Your answer must be an exact copy of the lines below, from the first through the one with "Jolie paire de", with no pictures.

*** Listed entries Section Begins ***

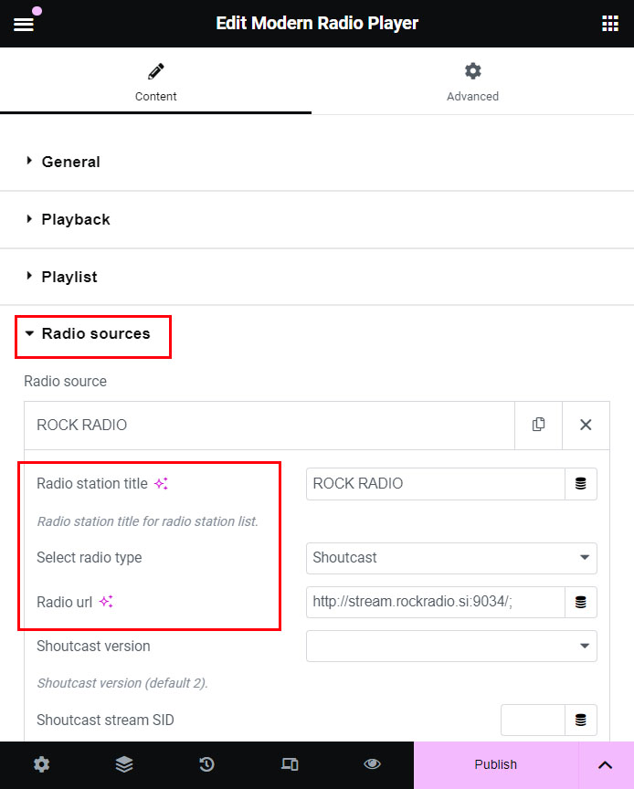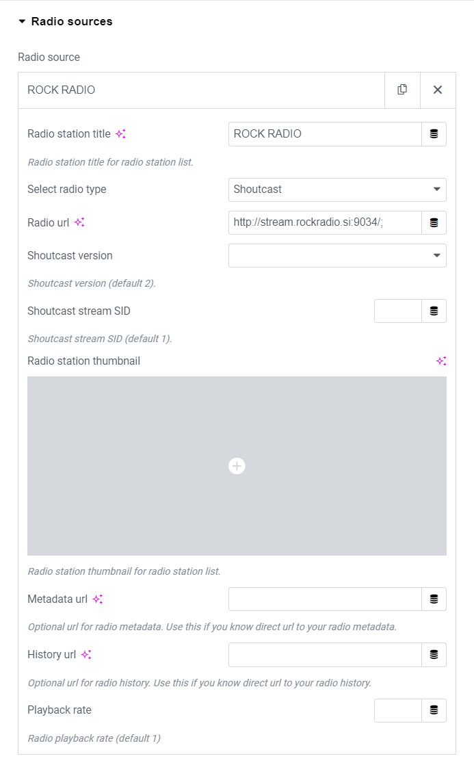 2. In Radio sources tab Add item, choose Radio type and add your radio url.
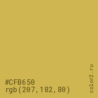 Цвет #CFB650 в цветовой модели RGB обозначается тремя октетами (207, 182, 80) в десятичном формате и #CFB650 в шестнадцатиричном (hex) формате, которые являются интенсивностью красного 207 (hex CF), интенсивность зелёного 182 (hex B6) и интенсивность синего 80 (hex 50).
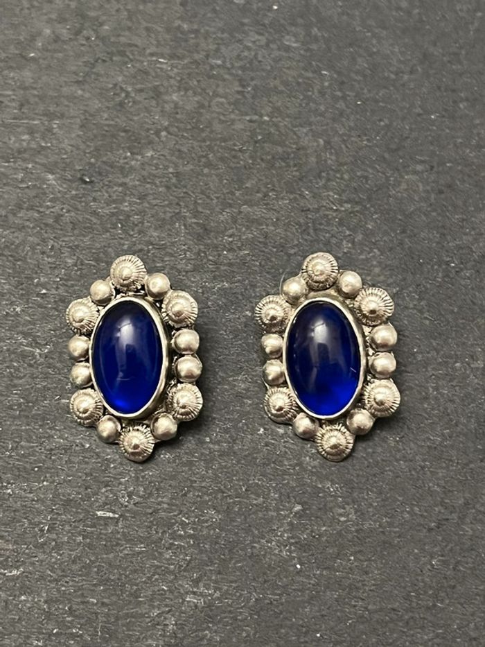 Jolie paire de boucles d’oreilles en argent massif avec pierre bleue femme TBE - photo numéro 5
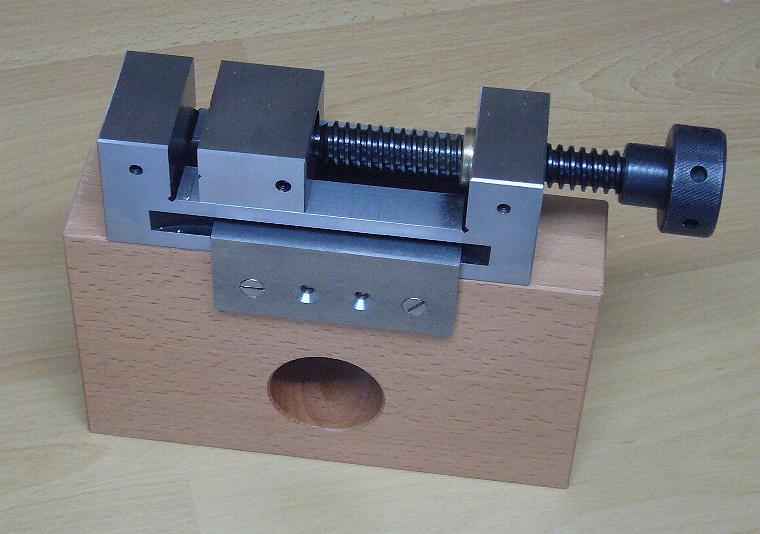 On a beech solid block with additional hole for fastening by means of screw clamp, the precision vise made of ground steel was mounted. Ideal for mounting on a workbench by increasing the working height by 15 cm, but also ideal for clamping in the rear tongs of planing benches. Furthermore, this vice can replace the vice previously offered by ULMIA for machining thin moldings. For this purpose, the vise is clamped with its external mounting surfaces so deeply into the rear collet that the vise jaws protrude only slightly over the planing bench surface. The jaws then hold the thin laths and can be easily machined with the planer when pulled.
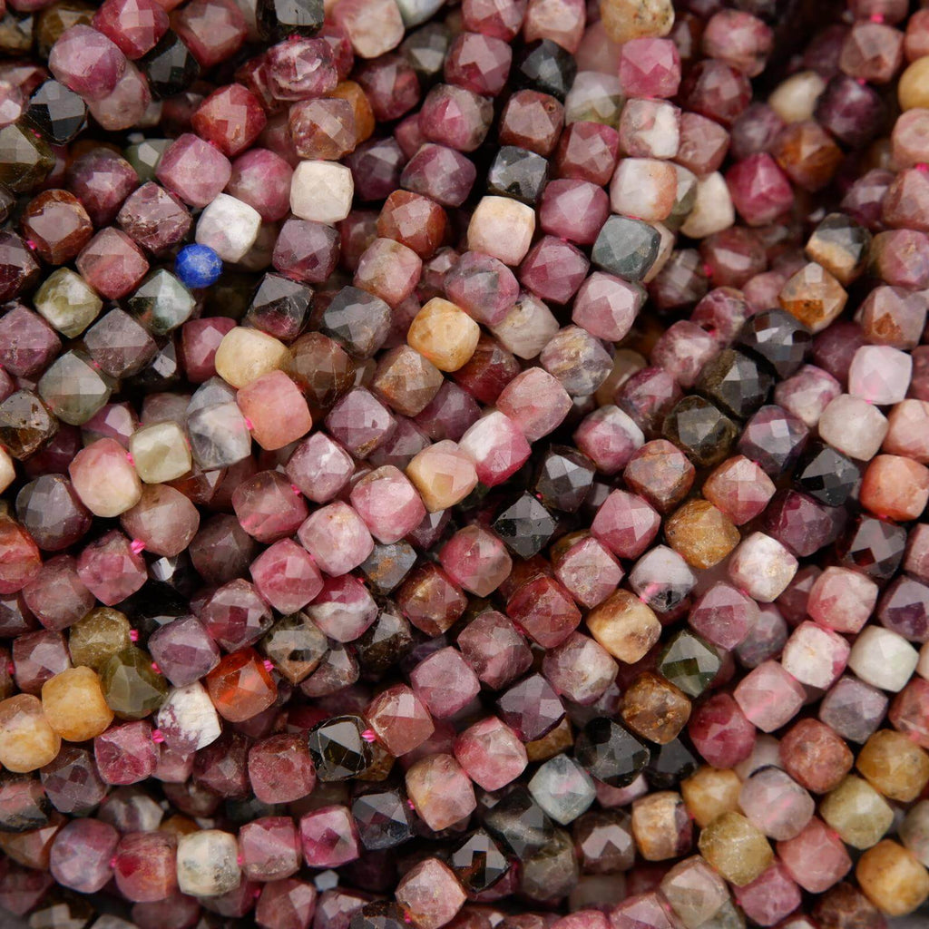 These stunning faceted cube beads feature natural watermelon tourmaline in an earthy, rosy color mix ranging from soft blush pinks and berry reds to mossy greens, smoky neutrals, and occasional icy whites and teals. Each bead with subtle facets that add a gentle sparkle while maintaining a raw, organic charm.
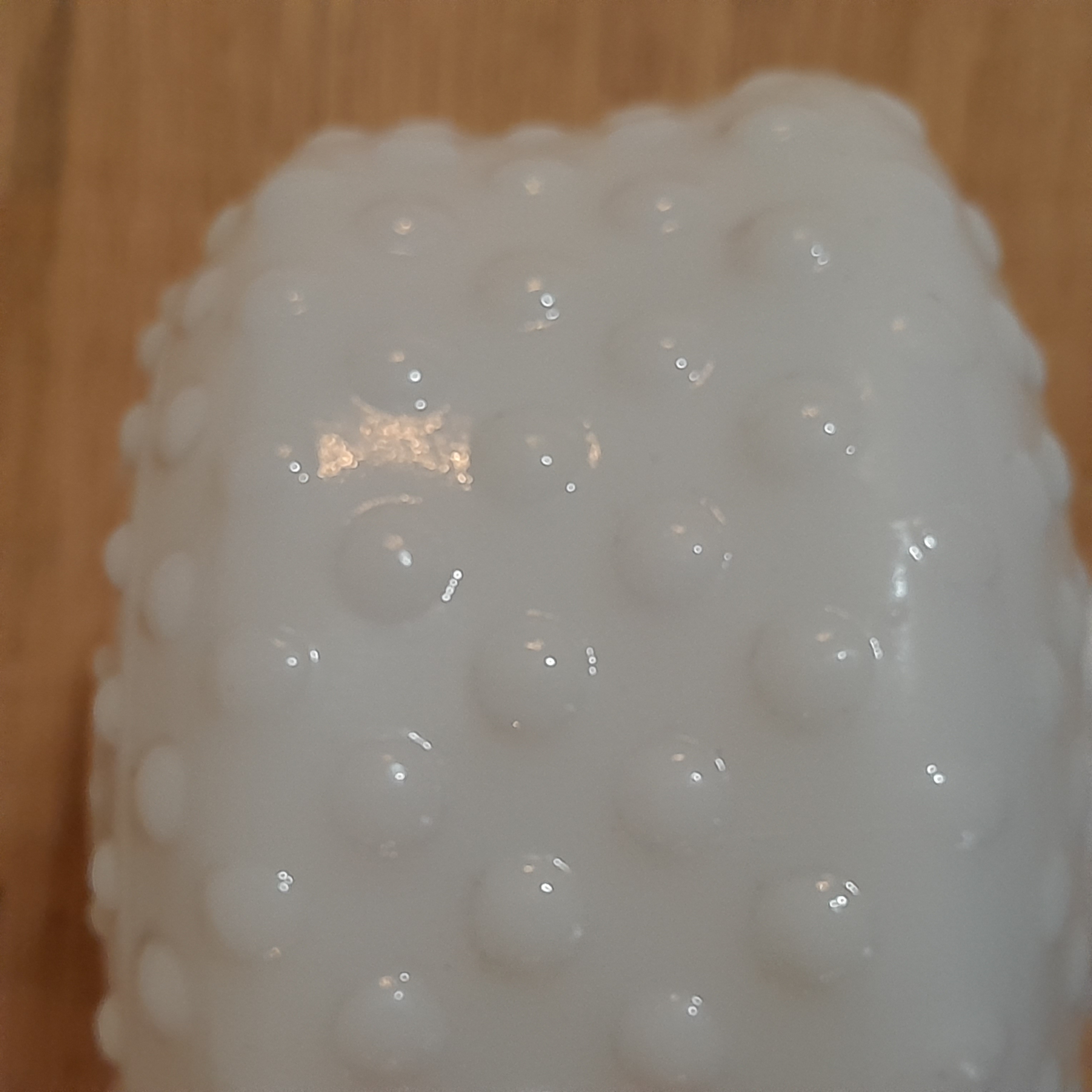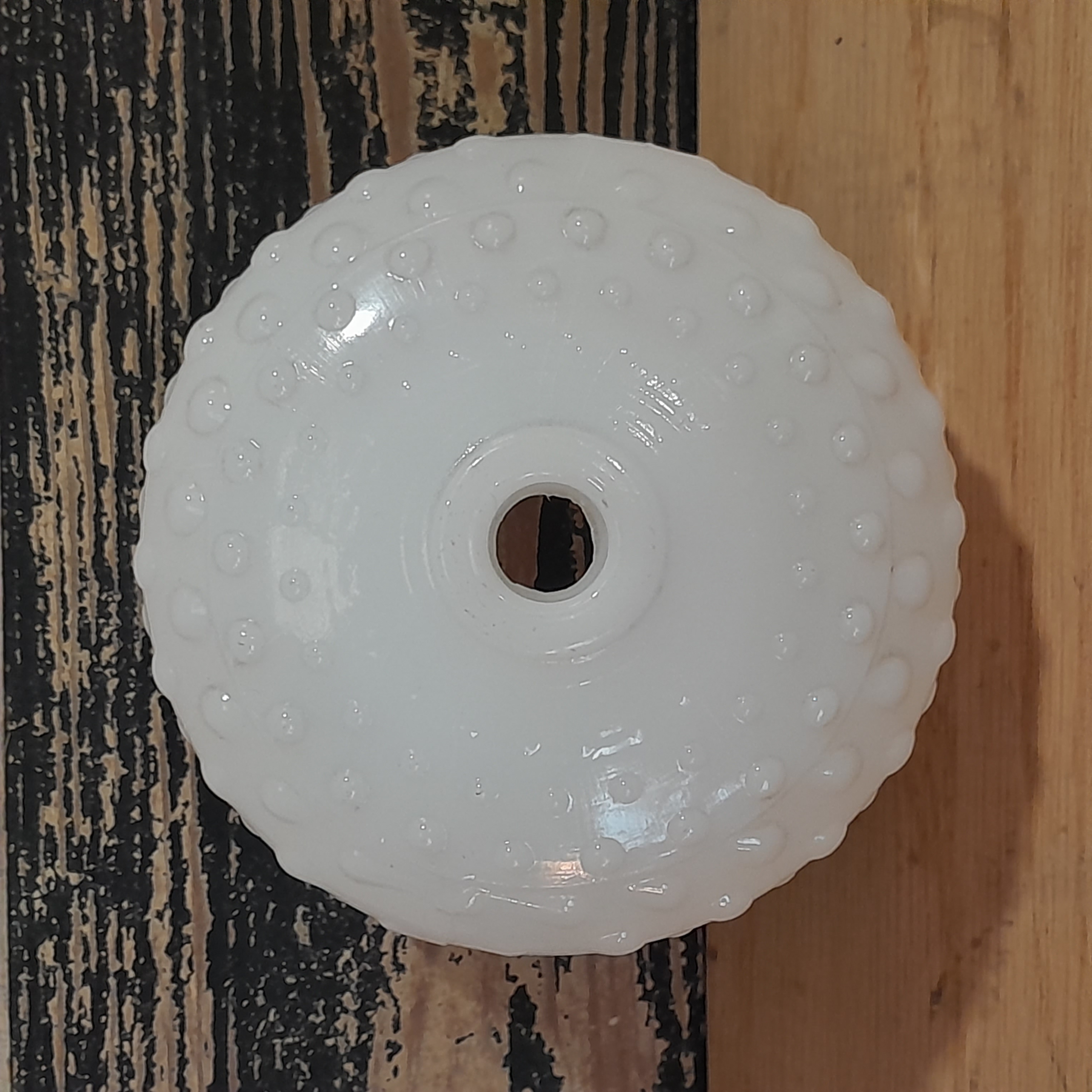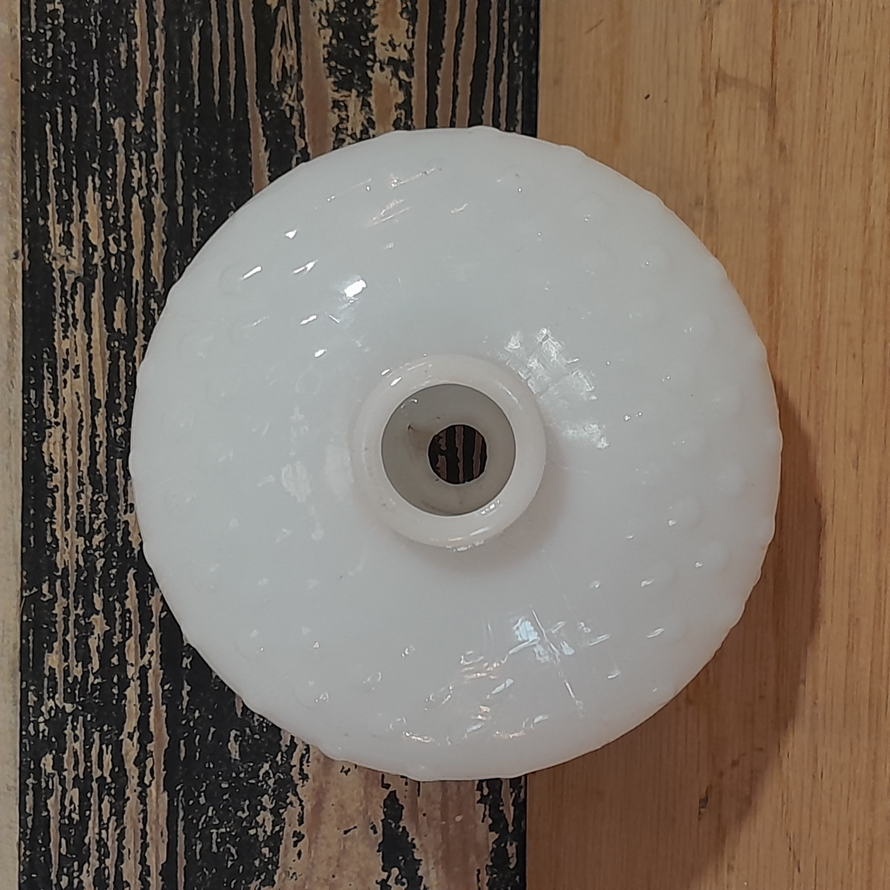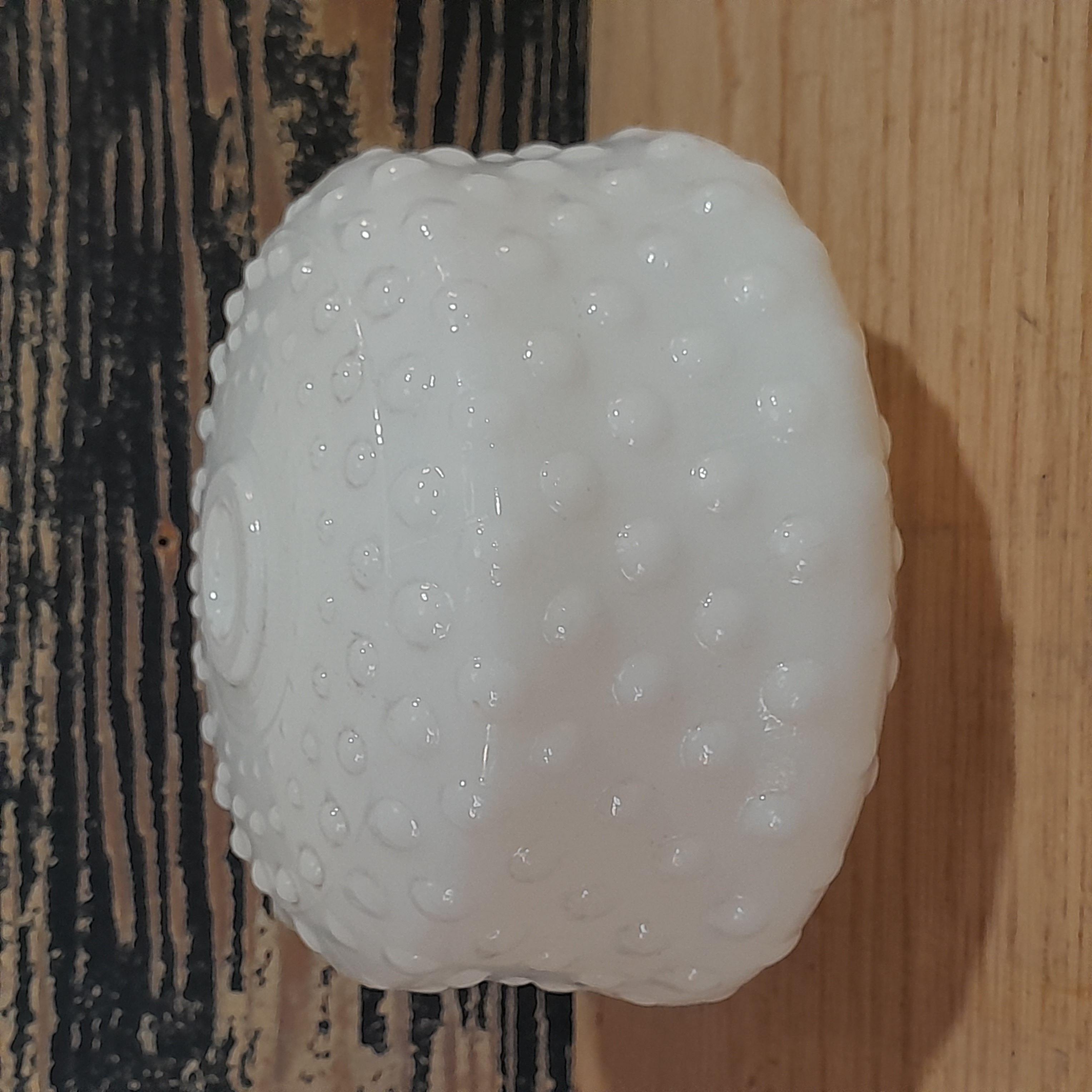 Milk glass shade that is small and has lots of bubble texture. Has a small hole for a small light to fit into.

*** Listed entries Section Ends ***

• The answer:
 2. In Radio sources tab Add item, choose Radio type and add your radio url.
 Цвет #CFB650 в цветовой модели RGB обозначается тремя октетами (207, 182, 80) в десятичном формате и #CFB650 в шестнадцатиричном (hex) формате, которые являются интенсивностью красного 207 (hex CF), интенсивность зелёного 182 (hex B6) и интенсивность синего 80 (hex 50).
 Jolie paire de boucles d’oreilles en argent massif avec pierre bleue femme TBE - photo numéro 5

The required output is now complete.